BSA’s Global software survey for 2015 has revealed that 39% of software around the world is not correctly licensed, down from 43% in 2013. When broken down by region this global figure shows some startling variations.

The worst region is Asia-Pacific at 61% (down from 62%), whilst the best is North America at 17%. Western Europe sits at the lower end with 28%, with the UK being under the regional average at 22% (down from 24% in 2013).

SAM on the increase

This percentage on its own does not give a true picture, as the value of the unlicensed software needs to be considered as well. For the US, this was reckoned to be $10 billion, whilst the UK is $1.3 billion. This is second only to France, in Europe, at $1.4 billion. Worldwide this figure is over $50 billion.

The drop in the use of unlicensed software in the UK has been influenced in part by factors such as the increasing market for cloud subscriptions and growing software asset management (SAM) adoption. These market trends were coupled with an increase in the number of legal settlements with UK companies found using unlicensed software.

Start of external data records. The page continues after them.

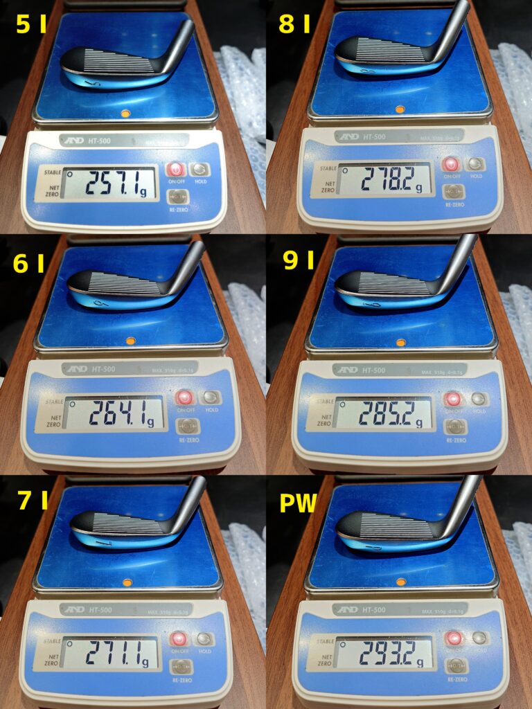 ヘッド重量は写真(上)の様に番手毎に+7gづつ等間隔フローしていくのが基本となります。近年のアイアンではPWに関して+8gとされる様になりました。(仕上りバランスの問題)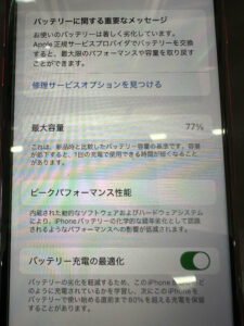 バッテリーの最大容量が77%になっていました。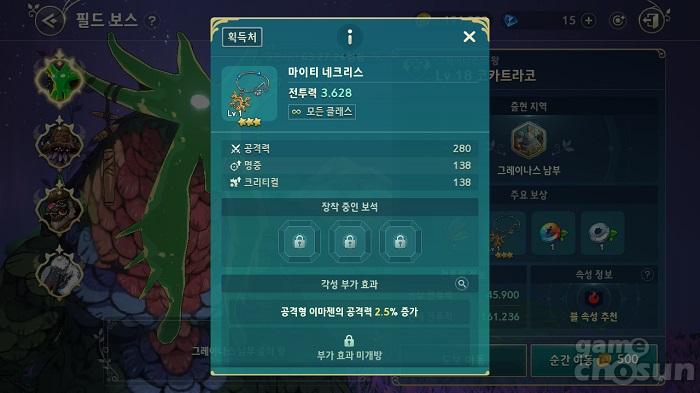 필드 보스 토벌로 획득할 수 있는 목걸이는 공격력, 명중, 크리티컬이라는 핵심 스탯을 증가시켜준다 = 게임조선 촬영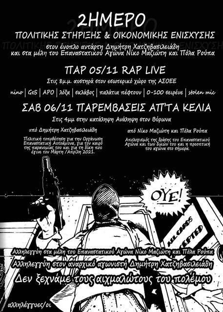 2ήμερο εκδηλώσεων πολιτικής στήριξης και οικονομικής ενίσχυσης στον ένοπλο αντάρτη Δημήτρη Χατζηβασιλειάδη και στα μέλη του Επαναστατικού Αγώνα Νίκο Μαζιώτη και Πόλα Ρούπα.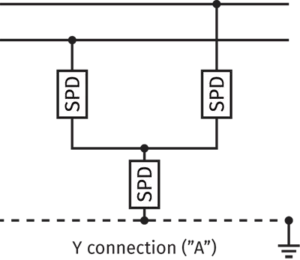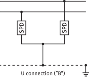 The DC side of the PV system can be either unearthed (insulated) in which case A (top right) shows how SPD’s should be connected OR with one pole earthed, B (bottom right) shows how SPD’s should be connected.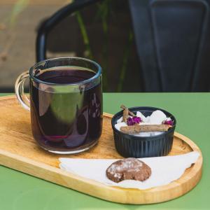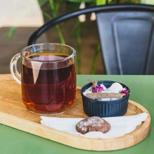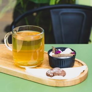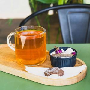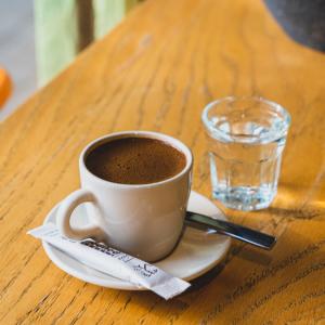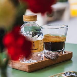 یک شات قهوه ۲۰% روبوستا، ۸۰% عربیکا، همراه با یک عدد شکلات، یک عدد کوکی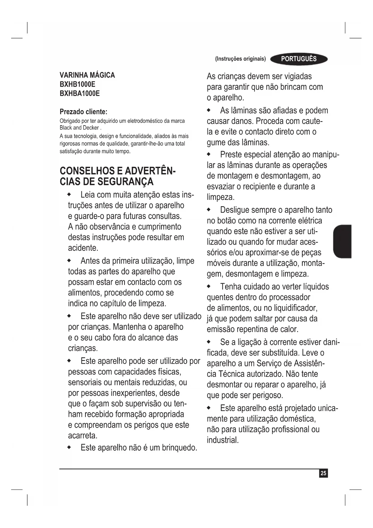 BXHB1000E BXHBA1000E Prezado cliente: Obrigado por ter adquirido um eletrodoméstico da marca Black and Decker . A sua tecnologia, design e funcionalidade, aliados às mais rigorosas normas de qualidade, garantir-lhe-ão uma total satisfação durante muito tempo.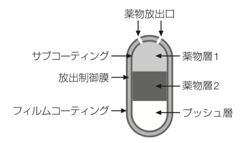 - パリペリドンを含む浸透圧ポンプ型製剤は、薬物とそれを押し出す駆動力となる電解質を高分子マトリックスに分散させた徐放性製剤である。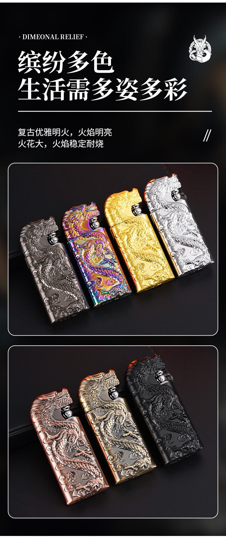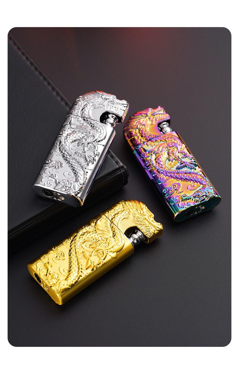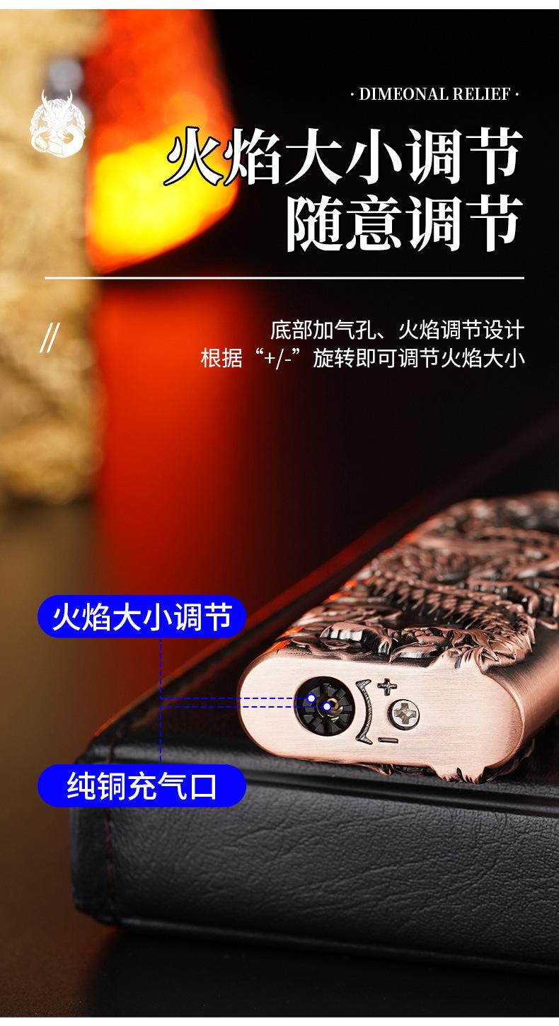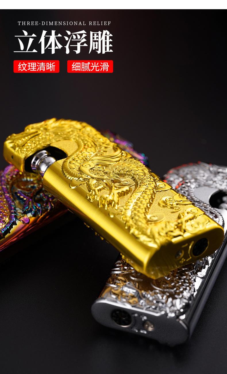 Encendedor inflable de fuego doble HB919 de conversión de perforación directa, fuego abierto, metal, relieve tridimensional, encendedor de dragón
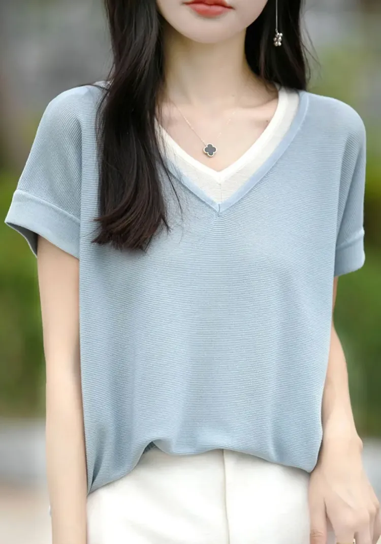 韓系假兩件V領寬鬆休閒拼色T恤(4色)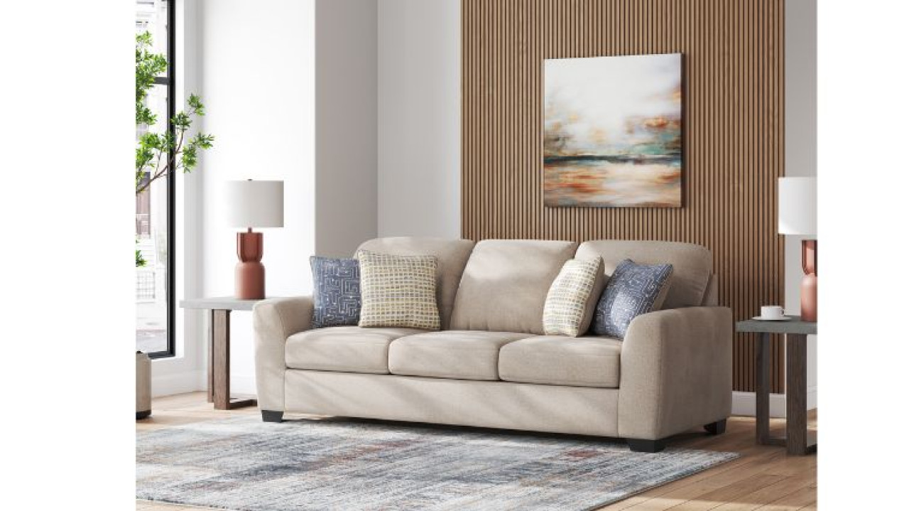 სამ ადგილიანი დივანი ,თანამედროვე სტილი თქვენი სახლის ინტერიერში, ქსოვილი დაფარულია მჭიდროდ ნაქსოვი პოლიესტერით.დიზაინი წარმოდგენილია ღია ფერში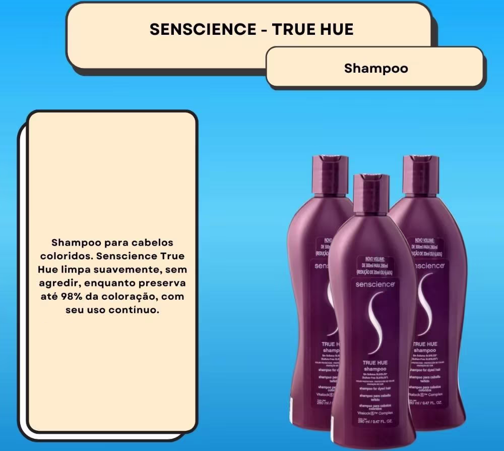 03 unidade Senscience True Hue Sulfato Kit 3 Shampoo 280ml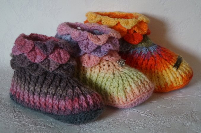 Ich habe die Anleitung für Wolle mit ca. 360 meter / 100 gramm und Nadelstärke 3,5 mm geschrieben. Ich könnt aber auch Wolle in anderer Dicke verwenden, denn die Anleitung ist für 13 verschieden Größen geschrieben und bei dickerer oder dünnerer Wolle kann einfach eine andere Größe gehäkelt werden. Außerdem werden diese Schuhe schön weich und dehnbar so dass sich auch über mehrere Größen tragbar sind.

Surprisingly, even in critical industries, the use of unlicensed software was high. For example, in the banking and insurance sector it was discovered that the rate was 25% worldwide.

Unlicensed software and security problems

It was estimated 15% of employees download software onto their company’s network without the company’s knowledge. Such activity greatly increases the likelihood of introducing malware to the company network. This has been proven to leave businesses open to devastating and costly cyberattacks. In 2015 alone, such attacks are reckoned to have cost businesses over $400 billion.

How to avoid this problem

Organizations can reduce the security risks of unlicensed software by firstly, ensuring all software is purchased from legitimate sources and secondly, establishing an in-house SAM program. Those businesses that effectively integrate SAM will have a better awareness of what is installed on their network and whether it is legitimate and licensed.

They will also be in a position to optimize their software deployment, and have policies and procedures in place for the procurement and retirement of software.